A network configuration issue has triggered a massive Cloudflare outage.
A move that should have boosted network resilience, according to Cloudflare, produced a large outage that affected more than a dozen of its data centres and hundreds of important online platforms and services today.
After analysing the event, Cloudflare stated, “Today, June 21, 2022, Cloudflare had an outage that disrupted traffic in 19 of our data centres.”
“Regrettably, these 19 sites are responsible for a considerable amount of our global traffic. This disruption was triggered by a modification that was implemented as part of a long-term strategy to improve resilience in our busiest sites.”
The entire list of compromised websites and services, according to user reports, includes Amazon, Twitch, Amazon Web Services, Steam, Coinbase, Telegram, Discord, DoorDash, Gitlab, and more.
Cloudflare’s busiest locations were affected by the outage.
After complaints of disruptions to Cloudflare’s network from customers and users throughout the world, the business began investigating the situation at roughly 06:34 AM UTC.
“Customers trying to access Cloudflare sites in the afflicted areas will receive 500 errors. All data plane services in our network are affected by the event “According to Cloudflare.
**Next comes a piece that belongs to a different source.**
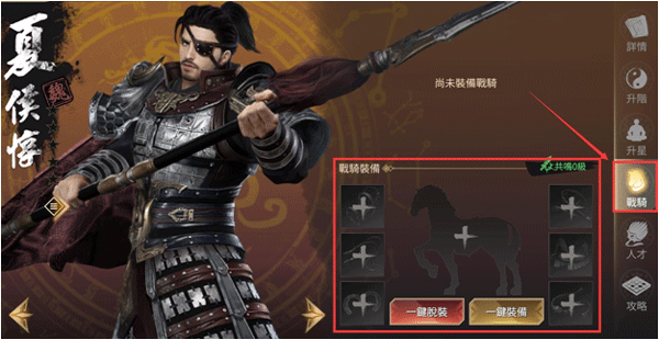 4、装备后,左边框会显示您已经装备完毕,在战骑的小图也可以看到什么武将正在使用这支「战骑」。

While the incident report on Cloudflare’s system status page has no data on what caused the outage, the firm provided further information about the June 21 outage on its official blog.
The Cloudflare team stated, “This interruption was triggered by a change that was part of a long-running endeavour to boost resilience in our busiest areas.”
“An outage began at 06:27 UTC due to a change in network configuration in specific sites. The first data centre was brought back up at 06:58 UTC, and by 07:42 UTC, all data centres were up and running.
“Depending on where you are in the world, you may have been unable to access Cloudflare-powered websites and services. Cloudflare continues to function correctly in other regions.”
Despite the fact that the affected locations account for approximately 4% of Cloudflare’s total network, their outage affected nearly 50% of all HTTP requests served by Cloudflare globally.
The update that caused today’s outage was part of a bigger initiative to transform data centres in Cloudlfare’s busiest locations to more resilient and flexible architecture, dubbed Multi-Colo by the company.
Amsterdam, Atlanta, Ashburn, Chicago, Frankfurt, London, Los Angeles, Madrid, Manchester, Miami, Milan, Mumbai, Newark, Osaka, So Paulo, San Jose, Singapore, Sydney, and Tokyo are among the data centres hit by today’s event.
Timeline for the outage:
We deliver the modification to our first site at 3:56 UTC. Because we are still using our earlier architecture, none of our sites will be affected by the change.
06:17: The modification has been implemented in our busiest sites, but not in the MCP architecture locations.
06:27: The modification has been delivered to our spines, and the rollout has reached MCP-enabled areas. This is when the problem began, as these 19 locations were quickly taken offline.
06:32: A Cloudflare internal issue has been declared.
06:51: The first update to a router is done to determine the underlying problem.
06:58: The root cause has been identified and understood. Work on reversing the faulty alteration begins.
07:42: The last of the reverts is finished. The problem resurfaced intermittently when network engineers stepped over each other’s fixes, reversing the prior reverts.